I would not trust credit card details to be sent out over email unencrypted, and while I am not an expert in PCI, I believe this violates PCI's requirements to protect cardholder data. HTTPS merely encrypts data transfer between the web browser and the web server over the network. If your email client is set up to use SMTP with SSL, that only encrypts data transfer between your email client and your email domain (e.g., if your address is gmail.com its encrypted while being sent to gmail's servers, but then gmail can fully read your data). Your mail server may route your plaintext email to many other servers (who would be able to read that information), even going over unencrypted networks if necessary.
Also again, I wouldn't trust PCI data with a company like http://www.sendinc.com/. They say they randomly generate a decryption key, which they will send to you, and also say they will not keep their own copy of that key. That last part relies on you trusting them not to keep a copy of your key or plaintext message, and I simply would not trust them to do so without an explicit business agreement that holds them liable to any flaws in their implementation setup that allows any malicious admin (or hacker) at their end to steal your data. If you need to send sensitive data over email, I would save it into a file and encrypt that file somehow locally (on the same computer) and then send the encrypted file to the client, and on a separate secure channel give the client the passphrase/key to decrypt it.
If this needs to be done infrequently, maybe something simple like install GPG in a linux/unix environment (like Mac OS X) and use gpg -c sensitive_file.txt
, which will prompt you for a passphrase, and create an encrypted file sensitive_file.txt.gpg
which you can then send for the other party to decrypt (gpg -d sensitive_file.txt.gpg
) with a passphrase you've shared in person or through a non-eavesdroppable channel.
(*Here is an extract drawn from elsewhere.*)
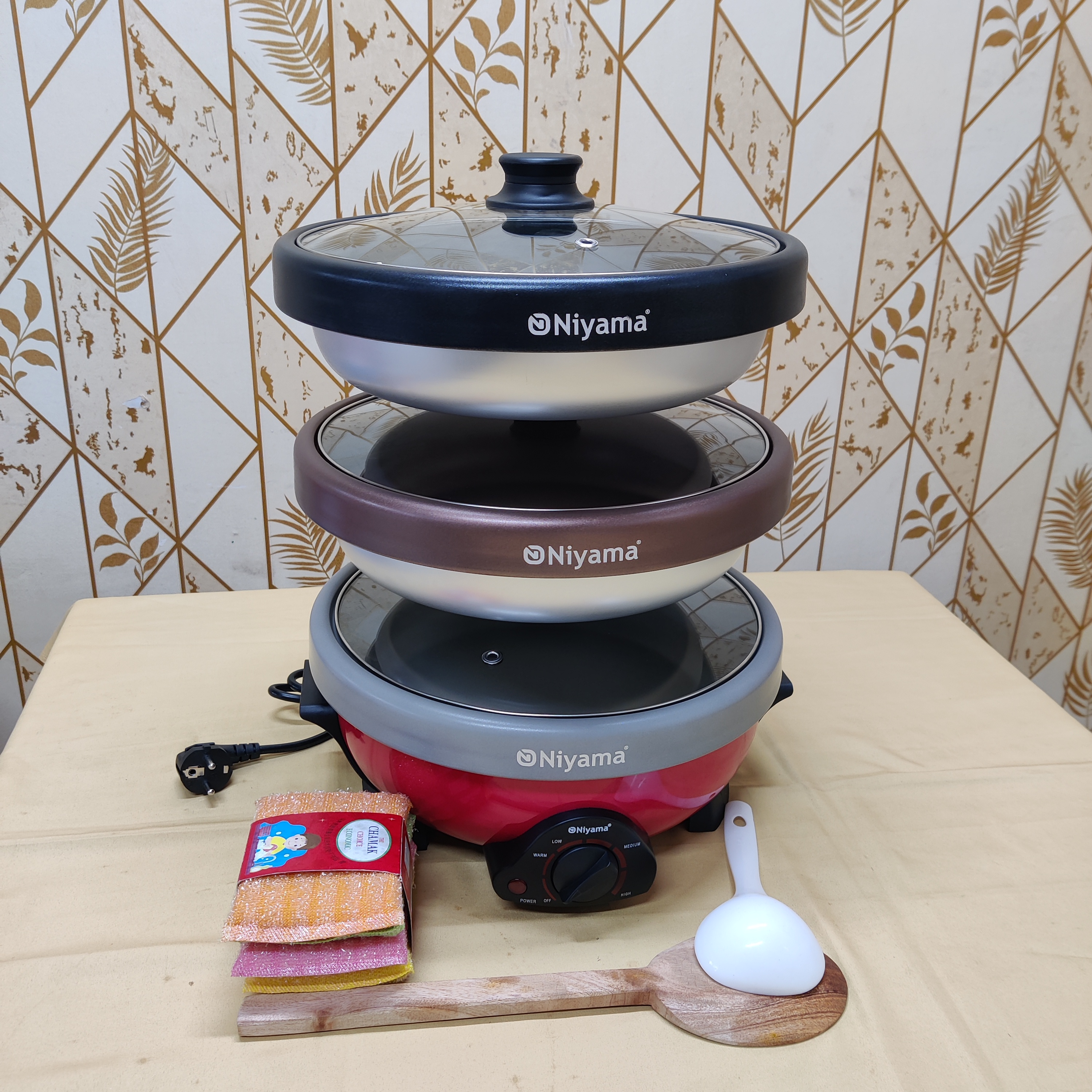 নিয়ামা মাল্টি কুকার ৩ হাড়ি ৩ ঢাকনা সাড়ে ৫ লিটার প্রাইজ মাত্র ৫৮০০ ৳

Otherwise, you both should set up a public/private keys that you each trust, and then can set up encrypted email clients with PGP or S/MIME. This is a little bit more work, but most modern email clients support some form of email encryption.
PS: This request seems very strange. Are you sure you aren't being socially engineered by someone trying to steal credit card information? Make sure this is really your client, not someone posing as the client (say after getting their login credentials/email account password in any of a variety of ways) who is now trying to get you to give away credit card information in a phishing attempt.